Кэтрин понимала, что благоразумнее отказаться и немедленно потребовать, чтобы он спустил ее на землю. Но она не могла ничего с собой поделать. От поцелуя графа ее бросило в жар, тело затрепетало, а мысли о бегстве стали чужими и ненужными. Блеск его глаз не давал думать ни о чем другом.

Когда конь тронулся с места, Кэтрин невольно наклонилась вперед, но не отстранилась. Единственным ее желанием сейчас было оказаться как можно ближе Фрэдди, так близко, чтобы даже дыхание их слилось в единое. Перед глазами оказалась его рубашка — обычная белая рубашка без каких-либо украшений.
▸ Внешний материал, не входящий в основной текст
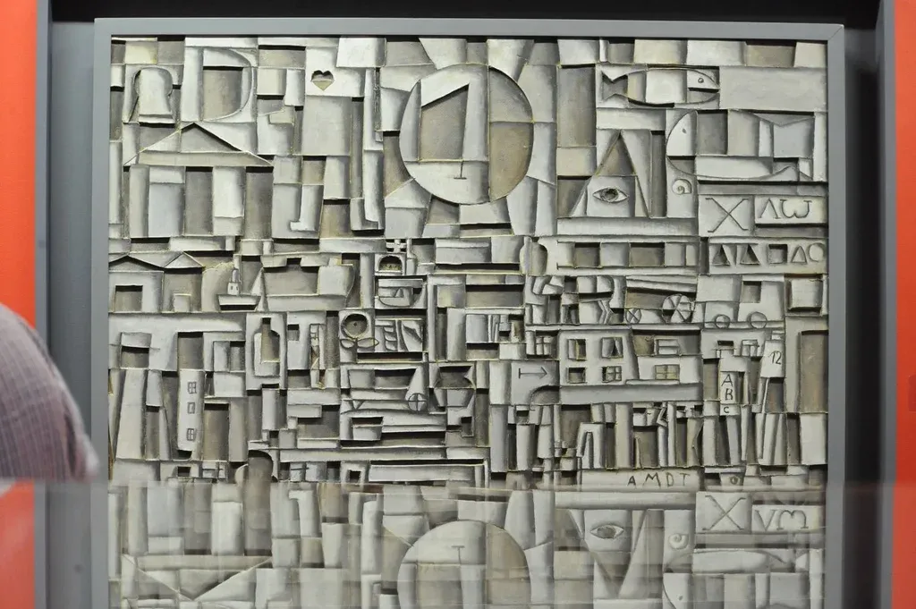 Se para al lado de dos piezas familiares y cuenta una anécdota tan afortunada como azarosa. Un día llegó a la casa de remates Gomensoro una obra de su padre. Cuando la fue a ver la encontró familiar y después de observarla con detenimiento y compararla con otra de las obras de la colección del museo, Óleo s/cartón superpuesto, lo descubrió: juntos formaban el positivo y negativo, una técnica de relieve en cartón que Gurvich puso en práctica a lo largo de toda su obra. Ese cuadro, Constructivo Montevideo, vida, tradición y fe, era la contracara del que tenía. “Esto lo tengo que comprar para ponerlo al lado de su hermano gemelo", pensó Gurvich. Y lo compró. "Esperemos que nunca más se separen, estuvieron separados como 30 o 40 años”, agrega.
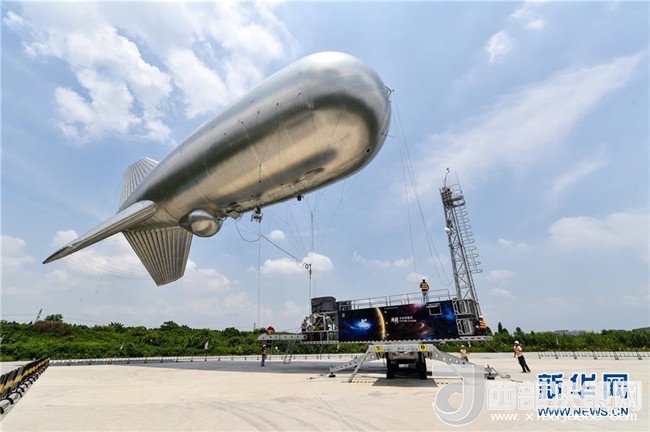 在光啟東莞生態(tài)園的研發(fā)基地,集廣域互聯(lián)網(wǎng)信息傳輸和光學(xué)監(jiān)控于一體的“云端號(hào)”準(zhǔn)備升空(2016年7月7日攝)。新華社記者毛思倩攝

Но как красиво она смотрелась на мускулистой груди! Фрэдди казался воплощением силы и уверенности. Она была мягкой и нежной, как весенний цветок.
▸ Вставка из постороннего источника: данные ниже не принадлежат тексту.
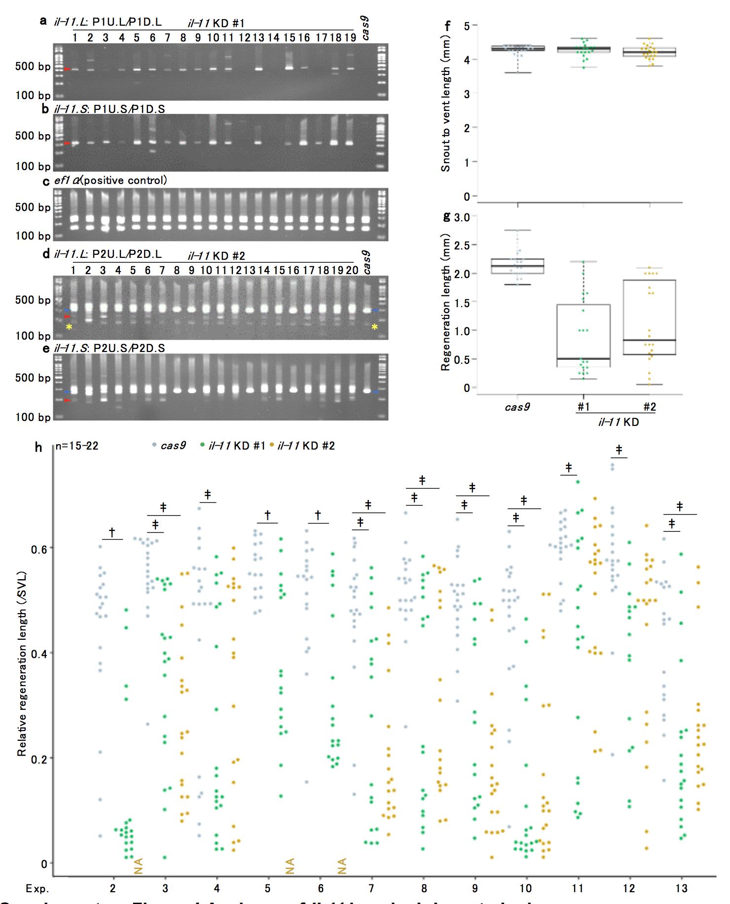Supplementary Figure 4 Analyses of il-11 knocked-down tadpoles. a-e, Genotyping of tadpoles used in Fig. 2i. Genomic DNA was extracted from tail stump tissues cut at the level 0.5 mm anterior from the amputated plane after measurement of regeneration length, and sequences corresponding to il-11.L (a, d), il-11.S (b, e), or positive control ef1a (c) were PCR-amplified. Individual identification numbers are indicated on top. Sizes of DNA markers were (from bottom to top) 100, 200, 300, 400, 500, 600, 700, 800, 900, 1000, 1500, and 3000 bp. If the genomic region between two gRNA target sites is deleted, a band will be detected as indicated by the red arrowhead. Blue arrowheads correspond to wild-type sequences. Yellow asterisks: non-specific bands. f, g, Snout to vent length (SVL, f) and regeneration length (g) used for calculation in Fig. 2i are shown. h, Biological replicates for Fig. 2i are shown. Different batches of tadpoles were used in each experiment (Exp.). Box plots are inserted in the panels. Bars in the boxes represent median, upper and lower limits of the boxes represent the first and third quartiles, and whiskers represent maximum and minimum values. â P < 0.05, Studentâs t-test. â P < 0.05, Dunnettâs test. NA: not analysed. |

Руки Кэтрин сами собой поднялись и обвили его шею. Граф одной рукой нежно приподнял ее пылающее лицо, другой — взял ее под коленку и положил сначала левую ногу жены на свою, затем правую. Монти, играя мышцами, прибавил скорость. Теперь Кэтрин почти не чувствовала седла — между ним и ней были бедра Фрэдди.

Он поцеловал ее, но как бы не по-настоящему, а дразня. Губы слегка щекотали кончики ее рта, а язык вообще чуть притрагивался к коже. Она откинула голову в ожидании продолжения, но его не последовало. Она обхватила его голову руками, ладони которых стали вдруг настолько чувствительными, что ощущали, казалось, каждый мельчайший волосок, появившийся за ночь на щеках Фрэдди. Он подчинялся, медленно склоняясь к ней, затмевая все вокруг нежной улыбкой. Через мгновение Кэтрин не видела уже и эту улыбку, а все мысли из ее головы куда-то исчезли. Осталось только желание целовать его. И она подчинилась со всей страстью, лаская его сразу губами и языком точно так же, как он научил ее когда-то. Поцелуй ее был горячим и жадным, и за первым тут же последовал второй.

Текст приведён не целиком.